Operasyonu yapan KOM Şube personelinin paralel yapıya mensup kişilerden olduğunu savunan Argun, bu yapıya mensup kişilerin, başta öğrenci yurdu olmak üzere taleplerini yerine getirmemesi üzerine FETÖ/PDY'nin emniyet ve yargı ayağıyla koordineli şekilde kendisine kumpas kurduğunu iddia etmişti.

İddialar doğrultusunda Konya Cumhuriyet Başsavcılığınca, KOM Şube Müdürlüğü tarafından planlı çalışma dosyası açılarak çalışmalara başlanmıştı. Soruşturma çerçevesinde iddialara yönelik birtakım deliller elde edilince rütbeli polislerin de bulunduğu bazı kişiler gözaltına alınarak tutuklanmıştı.

Konya 2. Ağır Ceza Mahkemesinde görülmeye başlanan davada, 2'si tutuklu 74 sanık yargılanıyor. Sanıklara, "FETÖ/PDY'ye üye olmak" ve "soruşturmanın, özel hayatın ve haberleşmenin gizliliğini ihlal etmek, gizlemek veya değiştirmek" gibi suçlamalar yöneltiliyor.

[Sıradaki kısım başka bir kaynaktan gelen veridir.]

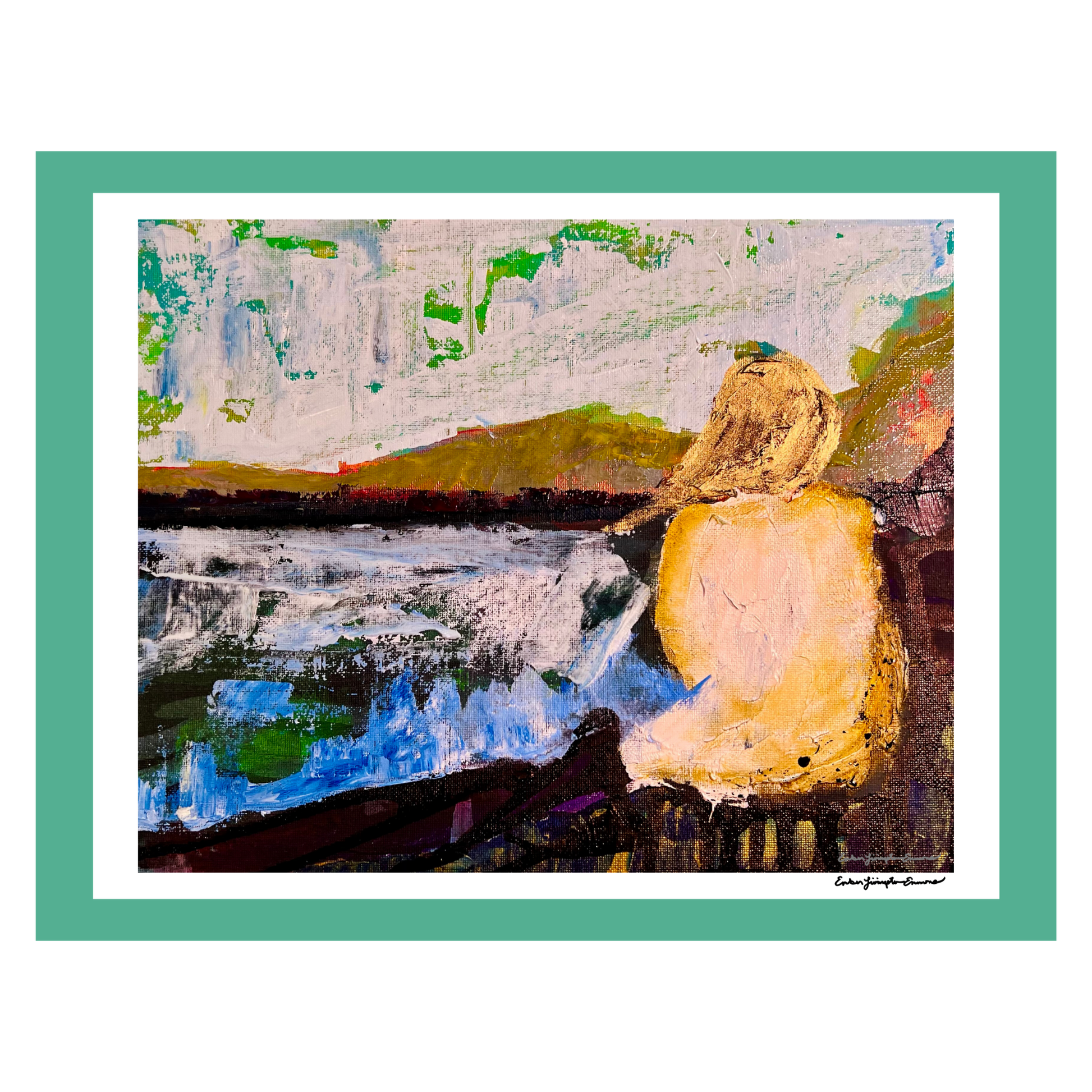 Contemplative and windswept, See captures the quiet moment of a woman gazing out at the sea, framed by moody skies and a rugged coastline. This expressive oil painting was created in Sitka and invites viewers to pause, reflect, and connect with the rhythm of the ocean and their own inner world.

Soruşturma kapsamında 19 ilde düzenlenen operasyonların gözaltı gerekçesinde sanıkların, Konya Emniyet Müdürlüğü Kaçakçılık ve Organize Suçlarla Mücadele Şubesinin 2008'deki operasyonunda, Konya merkezli Okyanus Şirketler Grubu Başkanı Nusret Argun ve 233 kişiye asılsız delillerle işlem uyguladıkları iddiası yer alıyor.

O dönemde Okyanus İnşaat'ın yaklaşık 200 dairesine satılmaması için tedbir konulduğu ancak sanıklardan birinin bu dairelerden 2'sini usulsüz şekilde piyasadan daha ucuza satın aldığının ortaya çıktığı kaydediliyor. 

Yine sanıklardan emniyet mensubu olduğu belirtilen kişinin, Konya'daki emlak şirketinin reklamında oynadığı ve karşılığında 2 daire aldığı öne sürülüyor.

Ayrıca iş adamı Argun'un borsada halka arz edilen 75 milyon liralık doğalgaz şirketinin değerinin usulsüz soruşturmalarla düşürüldüğü ve değerinin çok altında, 11 milyon liraya başka iş adamına satıldığı iddia ediliyor.

Asılsız delillerle şirketine operasyon düzenlendiği iddia edilen iş adamı Nusret Argun hakkında yerel mahkemenin verdiği 177 yıl 4 ay 15 günlük hapis cezası kararı, Yargıtay tarafından bozulmuştu.